__Task prompt__: What should you transcribe? Every line from the top of the records below through the line with "Die überaus beliebte", exactly, and no pictures.

Provided information Start Marker

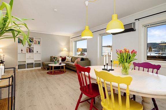 Ny varmepumpe i stue i 2022, med utført service i 2025.
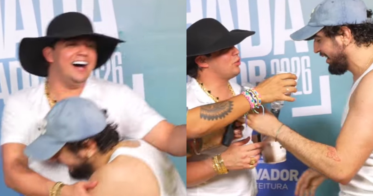 Nos bastidores, a dupla se abraçou, demonstrando que as dúvidas sobre a boa relação ficaram no passado. Na transmissão da Prefeitura de Salvador no YouTube, Natanzinho Lima concedia entrevista quando Nattan invadiu a live para abraçar o xará.
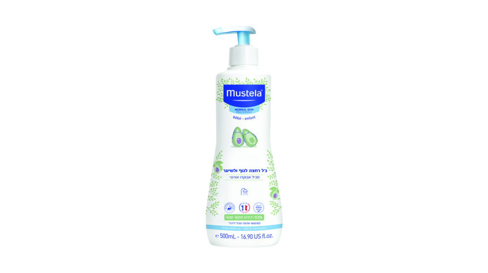 Mustela ג'ל רחצה לגוף ולשיער לתינוקות וילדים לעור רגיל. ג'ל רחצה מוסטלה מכיל 93% רכיבים ממקור טבעי ואת רכיב הפטנט Avocado Perseose
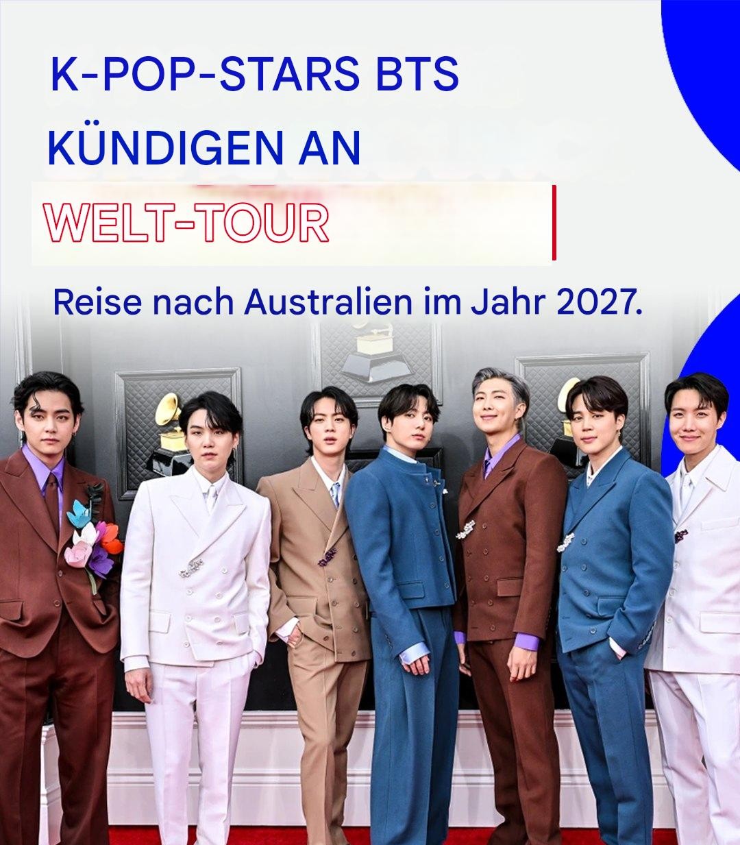 Die überaus beliebte südkoreanische Boyband trat zuletzt 2017 in Australien auf und hat seit 2022, als sie aufgrund des obligatorischen Militärdienstes zur Auflösung gezwungen wurde, keine öffentlichen Auftritte mehr gegeben.
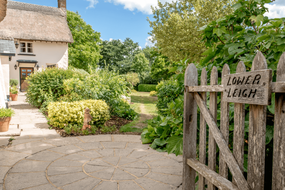 And the gardens, that’s another thing. Not your average garden by any means – 3 acres of grounds with high walls and tall hedges, a walnut tree and an orchard where sheep happily graze beneath the apple trees. In the spring it’s a mass of sweet scented blossom, in early autumn the boughs are heavy with fruit. Stroll around, stop for a quiet chat in the little thatched hideaway, a welcome retreat from the blazing sun in the height of summer. Go through the arched gate in the wall, amble down the lane to the ford and have a paddle.
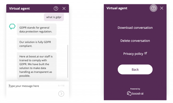 Functionality can be built into a virtual agent allowing customers to delete an entire conversation directly in the chat window.
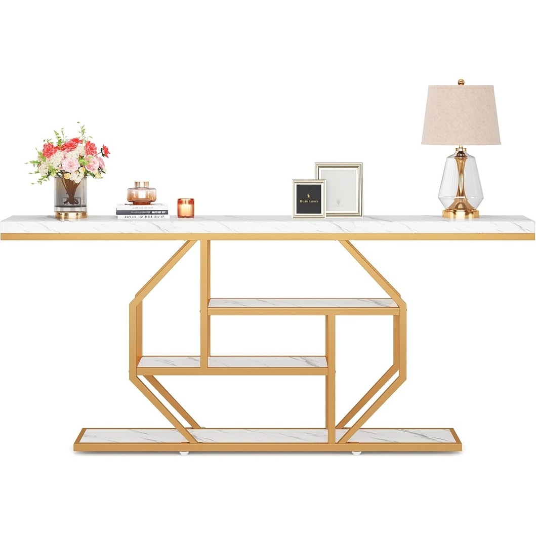 Extra Long 70.9" Console Table with 4-Tier Open Shelves for Living Room, Hallway

Provided information End Marker

__Problem solution__:
 Ny varmepumpe i stue i 2022, med utført service i 2025.
 Nos bastidores, a dupla se abraçou, demonstrando que as dúvidas sobre a boa relação ficaram no passado. Na transmissão da Prefeitura de Salvador no YouTube, Natanzinho Lima concedia entrevista quando Nattan invadiu a live para abraçar o xará.
 Mustela ג'ל רחצה לגוף ולשיער לתינוקות וילדים לעור רגיל. ג'ל רחצה מוסטלה מכיל 93% רכיבים ממקור טבעי ואת רכיב הפטנט Avocado Perseose
 Die überaus beliebte südkoreanische Boyband trat zuletzt 2017 in Australien auf und hat seit 2022, als sie aufgrund des obligatorischen Militärdienstes zur Auflösung gezwungen wurde, keine öffentlichen Auftritte mehr gegeben.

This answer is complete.